A study of the mechanism of in vitro cytotoxicity of metal oxide nanoparticles using catfish primary hepatocytes and human HepG2 cells

Nanoparticles (NPs), including nanometal oxides, are being used in diverse applications such as medicine, clothing, cosmetics and food. In order to promote the safe development of nanotechnology, it is essential to assess the potential adverse health consequences associated with human exposure. The liver is a target site for NP toxicity, due to NP accumulation within it after ingestion, inhalation or absorption. The toxicity of nano-ZnO, TiO2, CuO and Co3O4 was investigated using a primary culture of channel catfish hepatocytes and human HepG2 cells as in vitro model systems for assessing the impact of metal oxide NPs on human and environmental health. Some mechanisms of nanotoxicity were determined by using phase contrast inverted microscopy, 3-(4,5-dimethylthiazol-2-yl)-2,5-diphenyltetrazolium bromide (MTT) assays, reactive oxygen species (ROS) assays, and flow cytometric assays. Nano-CuO and ZnO showed significant toxicity in both HepG2 cells and catfish primary hepatocytes. The results demonstrate that HepG2 cells are more sensitive than catfish primary hepatocytes to the toxicity of metal oxide NPs. The overall ranking of the toxicity of metal oxides to the test cells is as follows: TiO2 < Co3O4 < ZnO < CuO. The toxicity is due not only to ROS-induced cell death, but also to damages to cell and mitochondrial membranes.

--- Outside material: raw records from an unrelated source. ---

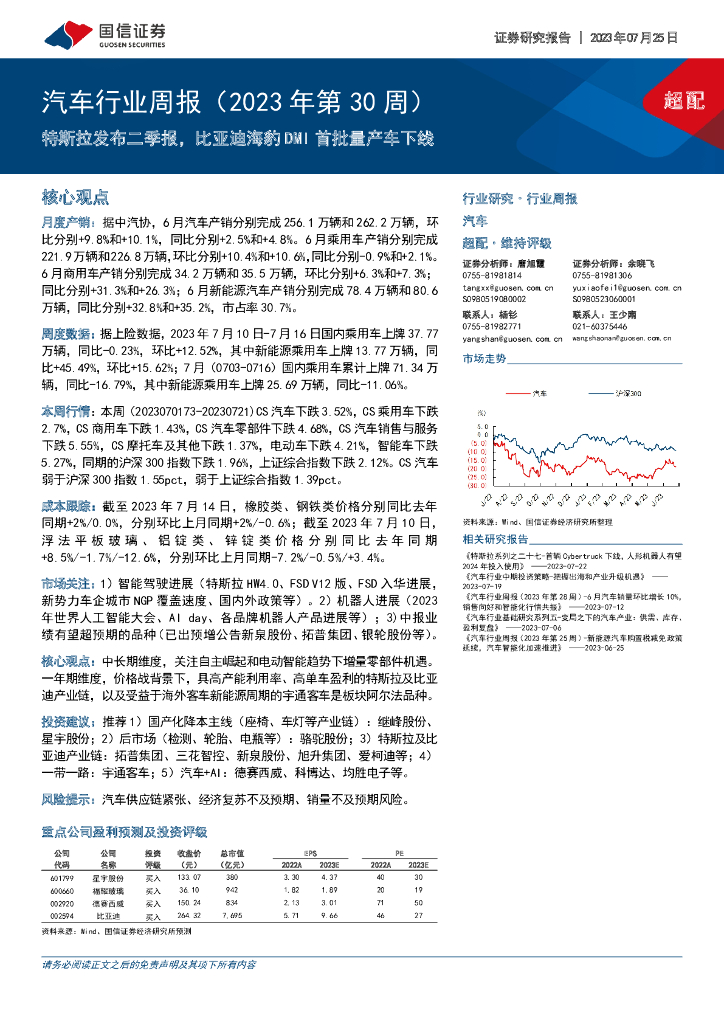 国信证券:汽车行业周报(2023年第30周):特斯拉发布二季报,比亚迪海豹DMI首批量产车下线.pdf
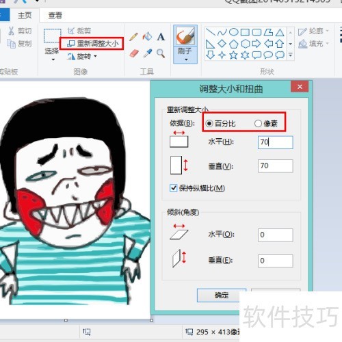 21、 选择重新调整大小功能,可按比例或像素调整图片。例如输入70%后保存,文件体积会缩小,重复操作直至满足所需大小。
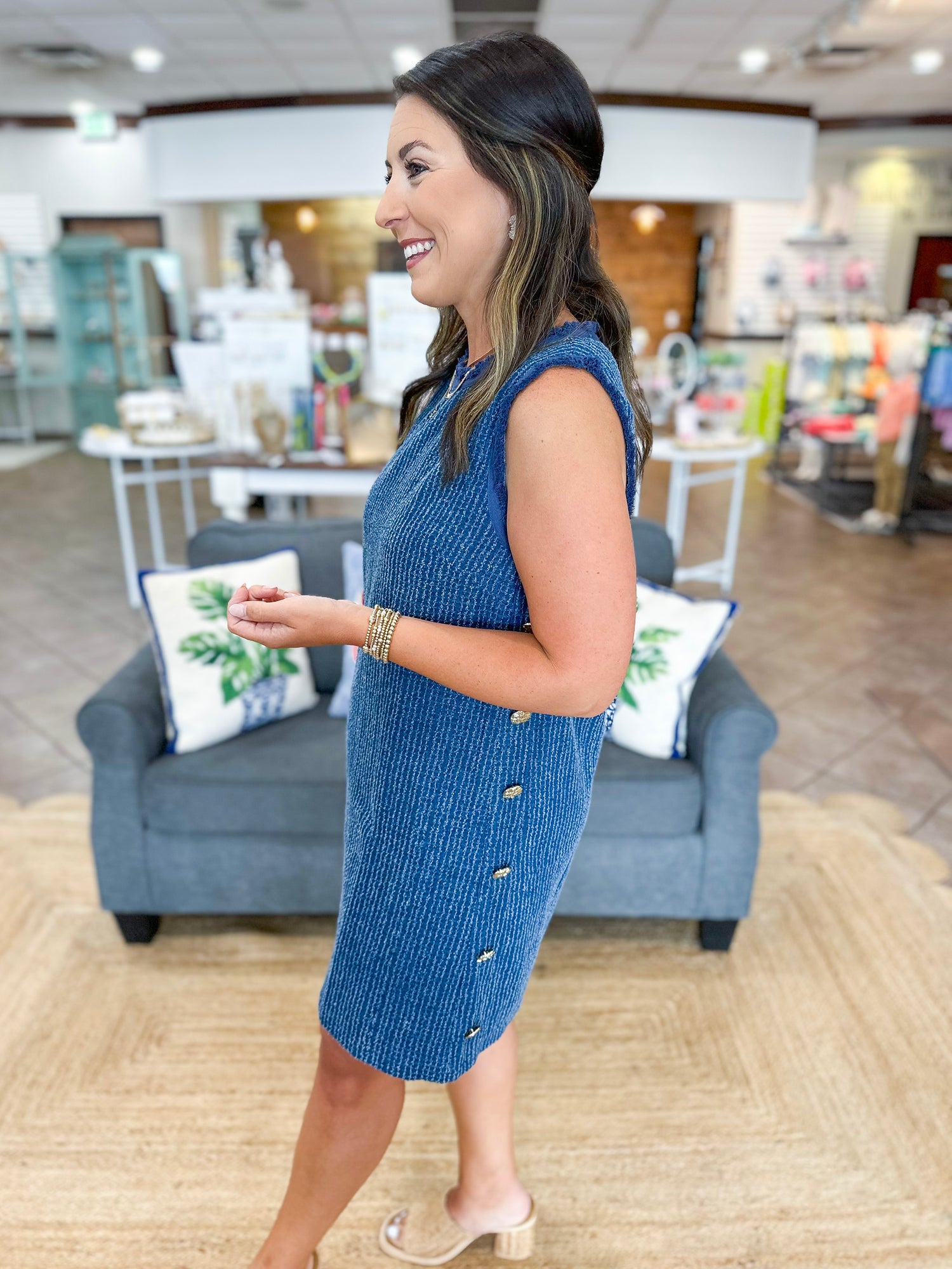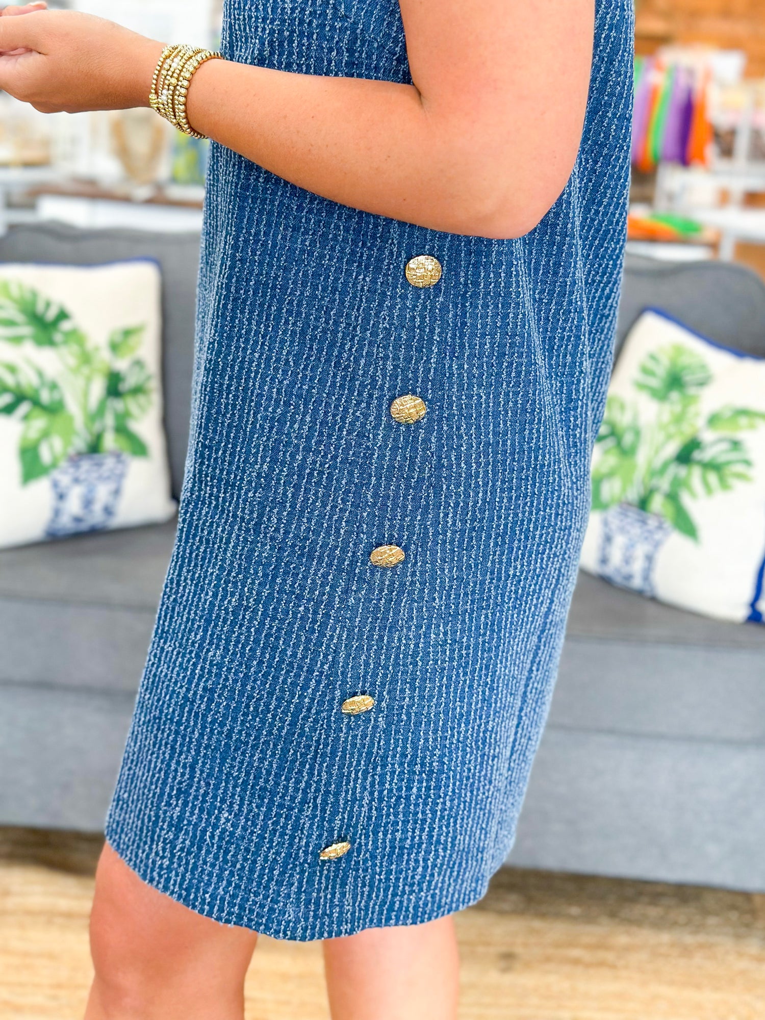 Effortlessly exude Chic Summer Style with our denim tweed mini dress! Designed with high-quality denim tweed fabric, this mini dress offers a timeless and fashionable look perfect for any occasion! Featuring gold button detailing along the sides of this mini, and raw hemline details on the sleeves and neckline! Elevate your wardrobe and elevate your style with our Chic Summer Mini Dress!

► We conducted a nanotoxicity study by using catfish primary hepatocytes and human HepG2 cells.
► It was studied by using phase contrast inverted microscopy and MTT/ROS/flow cytometric assays.
► HepG2 cells are more sensitive to the toxicity of metal oxide NPs.
► The overall ranking of the toxicity of metal oxides is as follows: TiO2 < Co3O4 < ZnO < CuO.
► The toxicity is caused by ROS-induced cell death and damages to cell and mitochondrial membranes.